*** Entries provided Section Begins ***

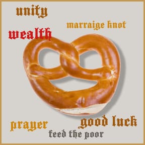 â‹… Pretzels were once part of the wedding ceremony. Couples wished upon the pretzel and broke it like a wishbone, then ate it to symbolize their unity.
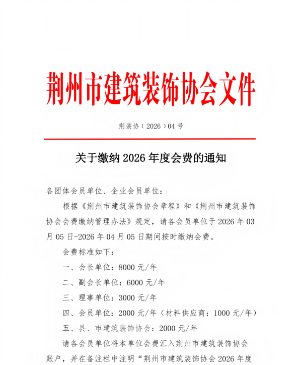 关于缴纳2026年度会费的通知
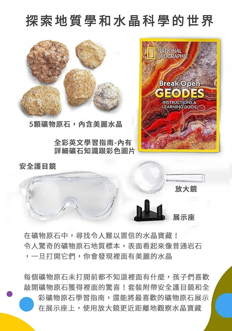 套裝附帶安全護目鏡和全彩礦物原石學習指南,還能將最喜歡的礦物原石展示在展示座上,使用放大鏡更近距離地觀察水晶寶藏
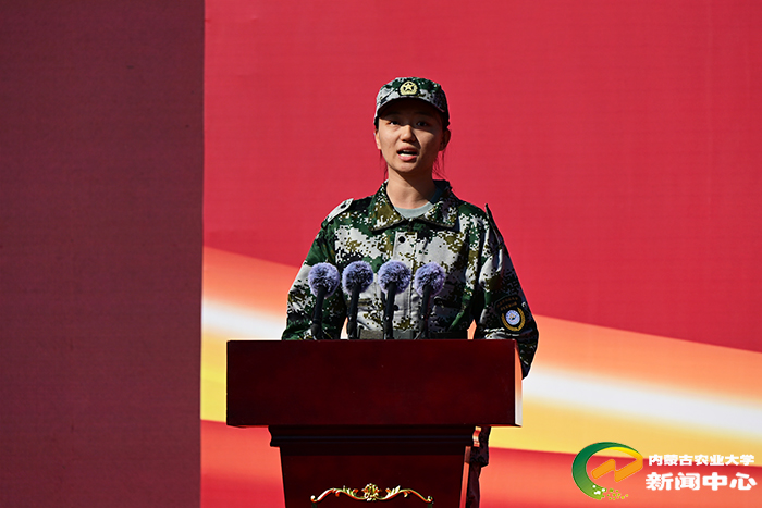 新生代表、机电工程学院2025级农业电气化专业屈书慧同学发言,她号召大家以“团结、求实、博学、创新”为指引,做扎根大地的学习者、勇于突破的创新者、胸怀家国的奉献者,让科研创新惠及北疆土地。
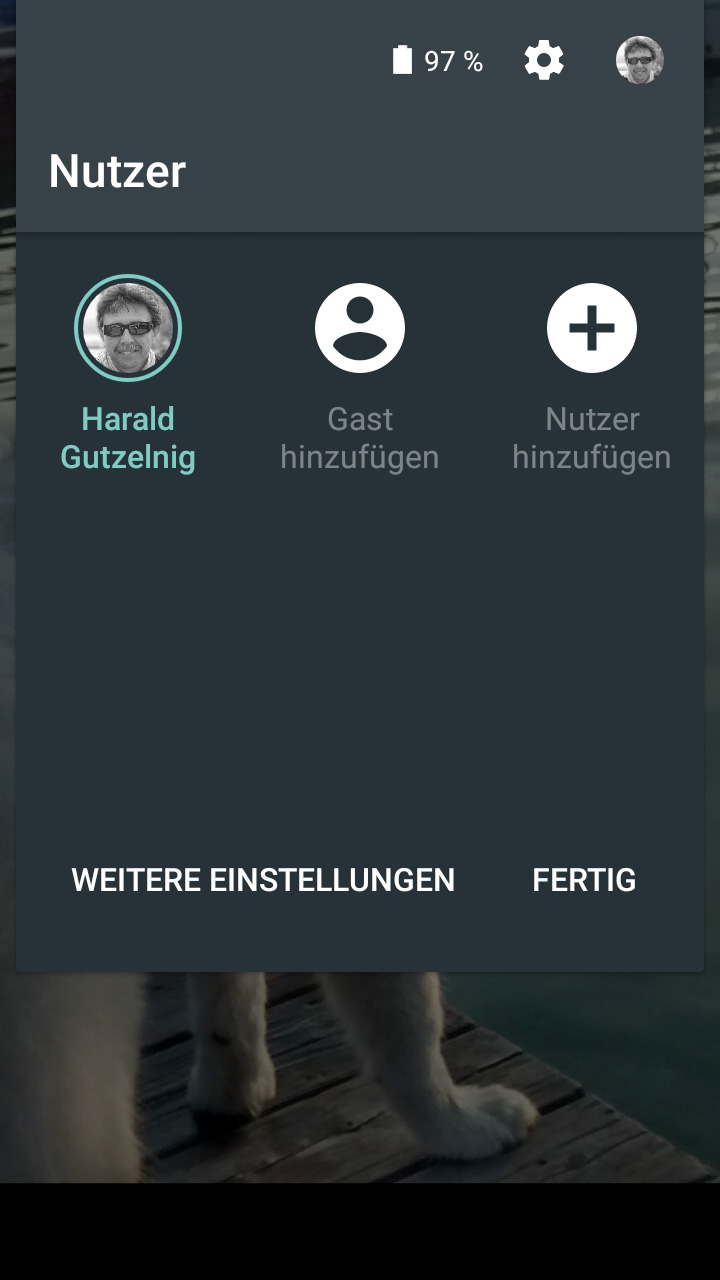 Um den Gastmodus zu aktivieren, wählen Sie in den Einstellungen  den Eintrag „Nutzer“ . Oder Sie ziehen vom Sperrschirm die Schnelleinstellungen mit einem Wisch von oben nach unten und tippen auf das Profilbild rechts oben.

*** Entries provided Section Ends ***

◆ Exercise instructions
With the images excluded, output every record verbatim.

◆ Result of this task
 â‹… Pretzels were once part of the wedding ceremony. Couples wished upon the pretzel and broke it like a wishbone, then ate it to symbolize their unity.
 关于缴纳2026年度会费的通知
 套裝附帶安全護目鏡和全彩礦物原石學習指南,還能將最喜歡的礦物原石展示在展示座上,使用放大鏡更近距離地觀察水晶寶藏
 新生代表、机电工程学院2025级农业电气化专业屈书慧同学发言,她号召大家以“团结、求实、博学、创新”为指引,做扎根大地的学习者、勇于突破的创新者、胸怀家国的奉献者,让科研创新惠及北疆土地。
 Um den Gastmodus zu aktivieren, wählen Sie in den Einstellungen  den Eintrag „Nutzer“ . Oder Sie ziehen vom Sperrschirm die Schnelleinstellungen mit einem Wisch von oben nach unten und tippen auf das Profilbild rechts oben.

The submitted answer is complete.